What is your opinion on Stepan Bandera

Hitler's helpers: how nationalists continue to divide Ukraine

by Johannes Edelhoff, John Goetz, Johannes Jolmes, Jan Liebold & Andrej Reisin

The situation in eastern Ukraine has escalated: Pro-Russian separatists control towns and cities and break laws. They stormed the Donetsk public prosecutor's office, beat up Ukrainian policemen, and there was boundless hatred. This hatred can divide the country. Because the country is also deeply divided in its culture of remembrance: In the Second World War, many people believe that Eastern Ukraine was on one side and Western Ukraine on the other.

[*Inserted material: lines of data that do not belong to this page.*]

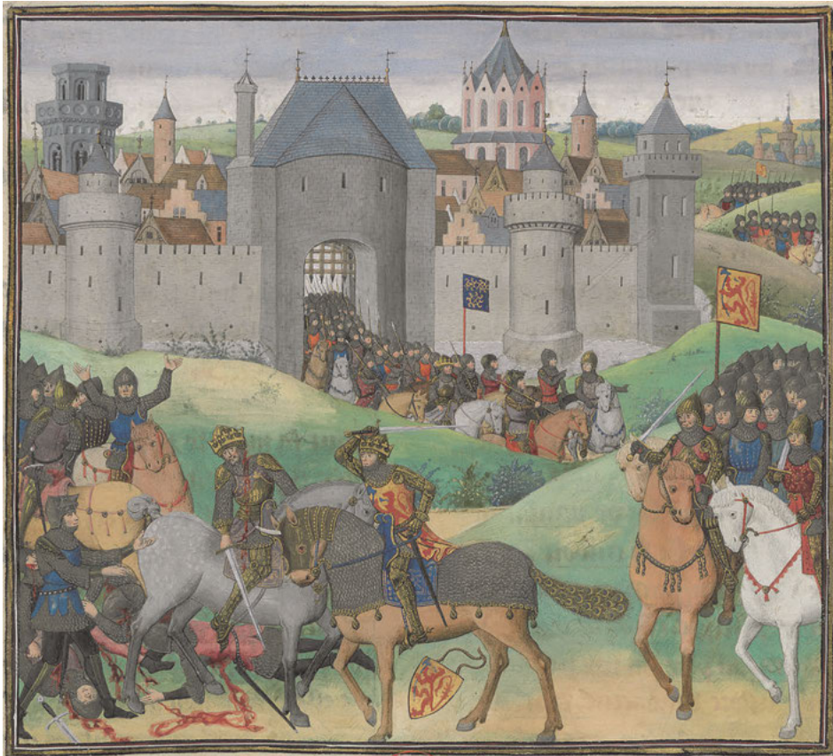
Abb. 20: Alexander rächt seinen Vater, Jean Wauquelin: Les Faicts et les Conquestes d'Alexandre le Grand , 1448, Bibliothèque nationale de France, Paris, Inv. Nr. ms. Fr. 9342, Fol. 94 v .

als Ausdruck besonderer Verbundenheit beider Herrscherhäuser getätigt wurde – zumal weitere gekaufte Werke den Thematiken von Tapisserien im herzoglichen Besitz entsprechen – deutet dies auf die nachträgliche Erstellung von Duplikaten der burgundischen Tapisserien und somit auf den Verbleib der entsprechenden patrons in der Werkstatt Greniers hin. 135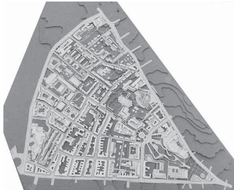
Рис. 2. Макет території військової частини (між вул. Шевченка та Городоцькою у м. Львові) на основі плану, виконаного Т. М. Мазур [15]

Метою реалізації детального плану є впорядкування функціонально-планувального каркасу території, що полягає у реструктуризації дисонуючих підприємств, які перебувають в оточенні житлової забудови, перепрофілюванні виробничих територій з влаштуванням на місці спеціальних, виробничих та комунально-складських зон – житлових, громадських, навчальних, озелених територій рекреаційної, транспортної та комунально-складських зон з переліком переважаючих, допустимих та супутніх видів забудови та іншого використання земельних ділянок [17].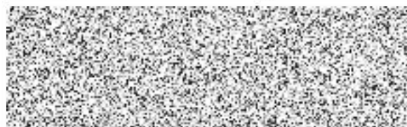
Tomáš Cabák, jednatel

Support communication s.r.o. Volutová 20/10, Stodůlky 158 00 Praha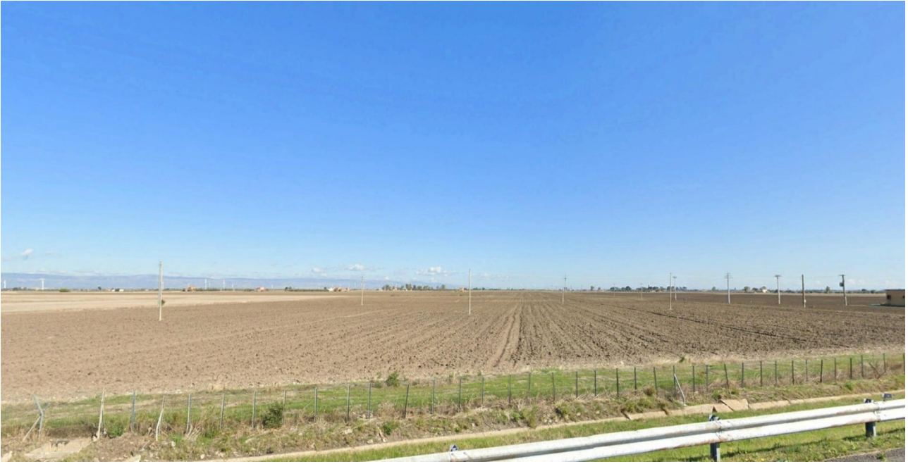
Vista 6 - Plot 4 da A14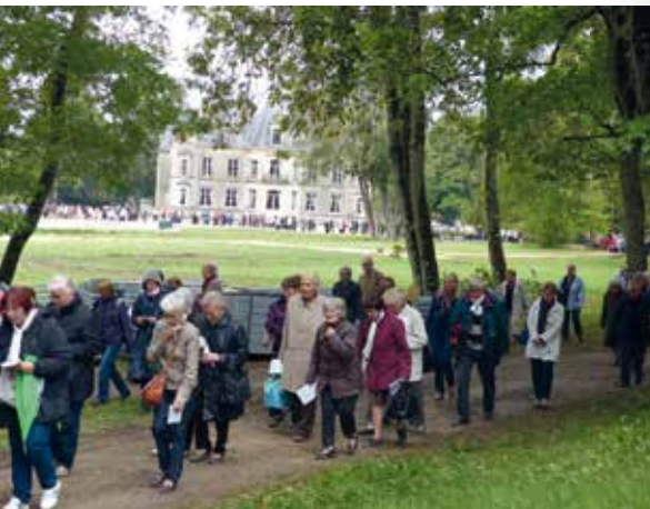
P.5 | Une longue procession à Thillombois lors du rassemblement du Rosaire.

Nothing makes this clearer than the great role model in the west: Stepan Bandera. His picture is emblazoned near the big stage on the Maidan. Again and again the protesters were united by a slogan from the Bandera era: "Honor the Ukraine - honor the heroes!" But Stepan Bandera was a radical nationalist. His struggle for an independent Ukraine was also a struggle against Jews, Poles and Russians. For this he allied himself with Hitler.

Transfigured Bandera image

Swedish historian Dr. Per Anders Rudling has dealt extensively with the history of Eastern Europe during the Second World War. For him, the image of Bandera in Ukraine is transfigured: "According to my assessment and that of most researchers, Bandera and his movement can definitely be described as a fascist one that was heavily involved in the Holocaust," said Rudling. In the east, therefore, many hate Bandera as a Nazi collaborator. In Lviv in western Ukraine, however, people prefer to remember their struggle for Ukrainian independence. Bandera has even built monuments here, Bandera is part of pop culture: his likeness is emblazoned on beer mugs, pictures and T-shirts in the "Banderastadt" - this is how they advertise here.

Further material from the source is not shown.